_SUPPLIED DATA_.
------

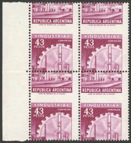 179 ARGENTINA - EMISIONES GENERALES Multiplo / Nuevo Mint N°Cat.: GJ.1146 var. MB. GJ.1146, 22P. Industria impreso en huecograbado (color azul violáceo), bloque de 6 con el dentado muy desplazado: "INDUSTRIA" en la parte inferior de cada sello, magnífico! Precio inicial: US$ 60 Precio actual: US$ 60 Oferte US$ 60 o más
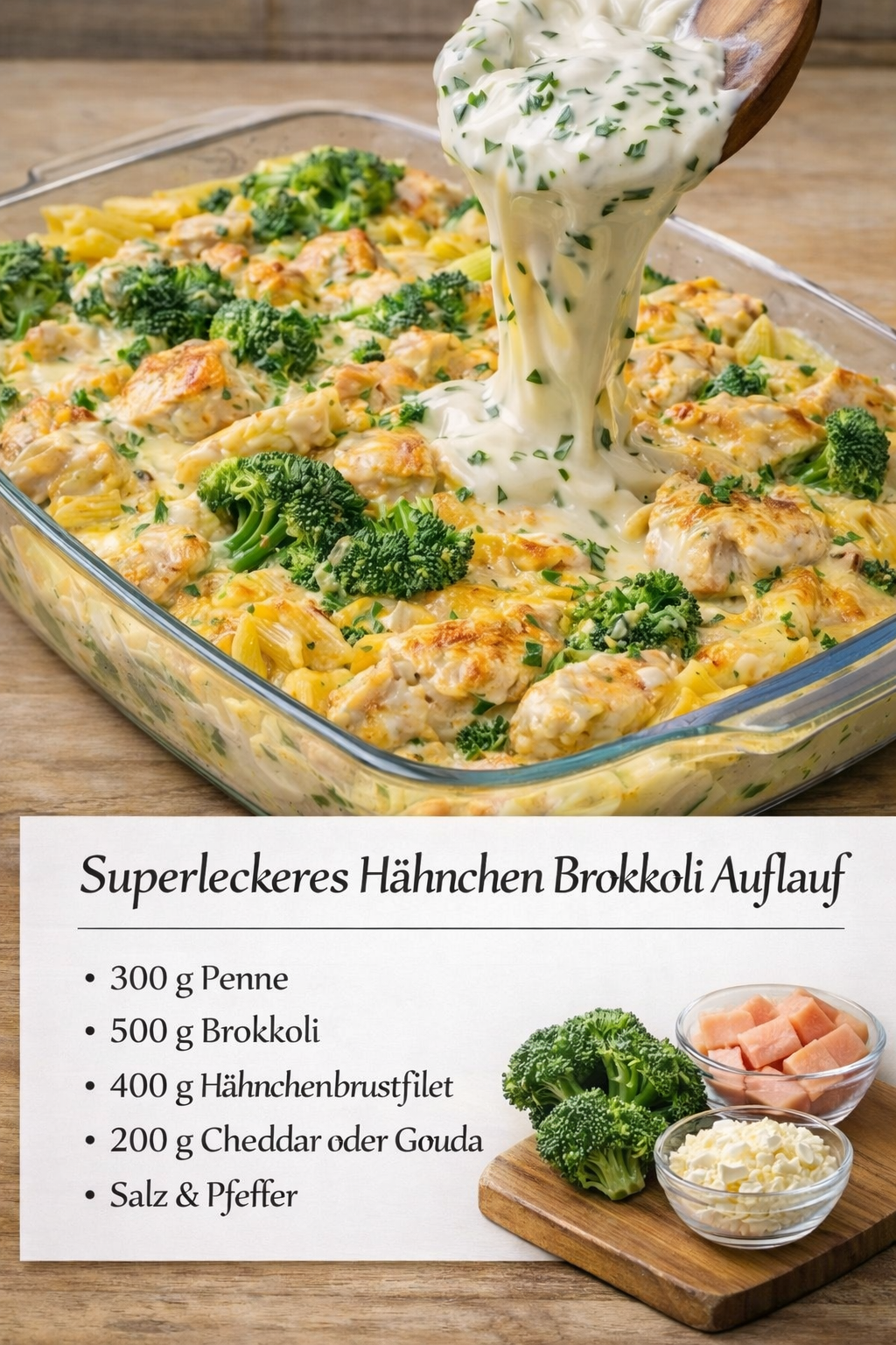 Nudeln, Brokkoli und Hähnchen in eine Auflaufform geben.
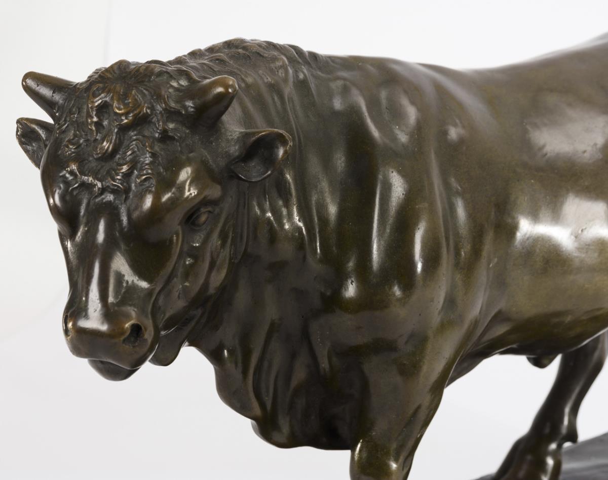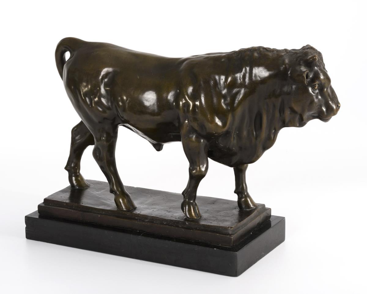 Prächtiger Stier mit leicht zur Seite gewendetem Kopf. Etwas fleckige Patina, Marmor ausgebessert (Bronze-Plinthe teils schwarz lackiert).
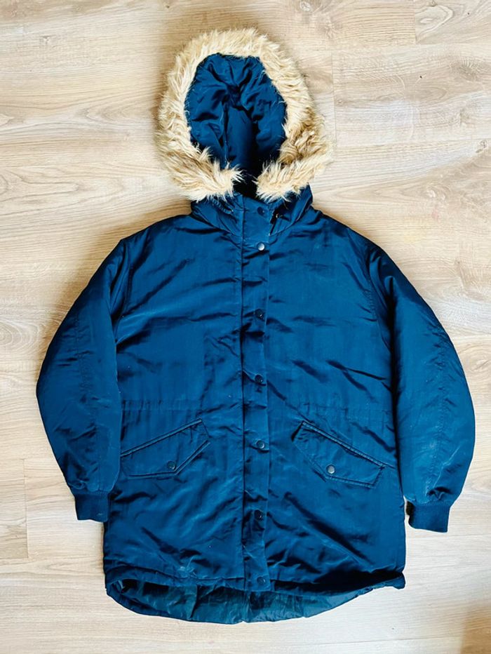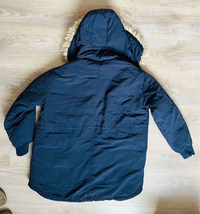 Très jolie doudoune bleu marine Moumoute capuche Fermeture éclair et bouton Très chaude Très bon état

------

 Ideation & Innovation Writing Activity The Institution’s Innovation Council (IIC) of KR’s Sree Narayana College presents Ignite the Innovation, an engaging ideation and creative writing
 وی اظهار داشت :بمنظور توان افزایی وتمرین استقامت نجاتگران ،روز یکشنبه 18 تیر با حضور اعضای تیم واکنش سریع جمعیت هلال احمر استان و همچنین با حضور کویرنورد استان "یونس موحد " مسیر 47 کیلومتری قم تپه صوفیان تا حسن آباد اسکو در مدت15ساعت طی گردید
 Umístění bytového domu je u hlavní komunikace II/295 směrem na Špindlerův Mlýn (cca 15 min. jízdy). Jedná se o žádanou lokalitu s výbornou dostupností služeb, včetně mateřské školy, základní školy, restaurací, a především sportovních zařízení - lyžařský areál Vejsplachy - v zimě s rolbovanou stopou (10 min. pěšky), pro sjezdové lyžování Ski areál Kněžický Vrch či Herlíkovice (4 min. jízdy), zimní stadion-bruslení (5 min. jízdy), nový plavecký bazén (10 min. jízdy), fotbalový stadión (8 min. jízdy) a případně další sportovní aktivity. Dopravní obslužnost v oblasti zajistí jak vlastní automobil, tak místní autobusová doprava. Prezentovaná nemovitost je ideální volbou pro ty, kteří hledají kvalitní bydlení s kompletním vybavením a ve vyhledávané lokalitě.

------

_TASK STATEMENT_.
Your reply should consist solely of the lines above from the line containing "Prächtiger Stier mit" up to and including the line containing "Très jolie doudoune", reproduced exactly, minus the pictures.

_RESULT OF THE EXERCISE_.
 Prächtiger Stier mit leicht zur Seite gewendetem Kopf. Etwas fleckige Patina, Marmor ausgebessert (Bronze-Plinthe teils schwarz lackiert).
 Très jolie doudoune bleu marine Moumoute capuche Fermeture éclair et bouton Très chaude Très bon état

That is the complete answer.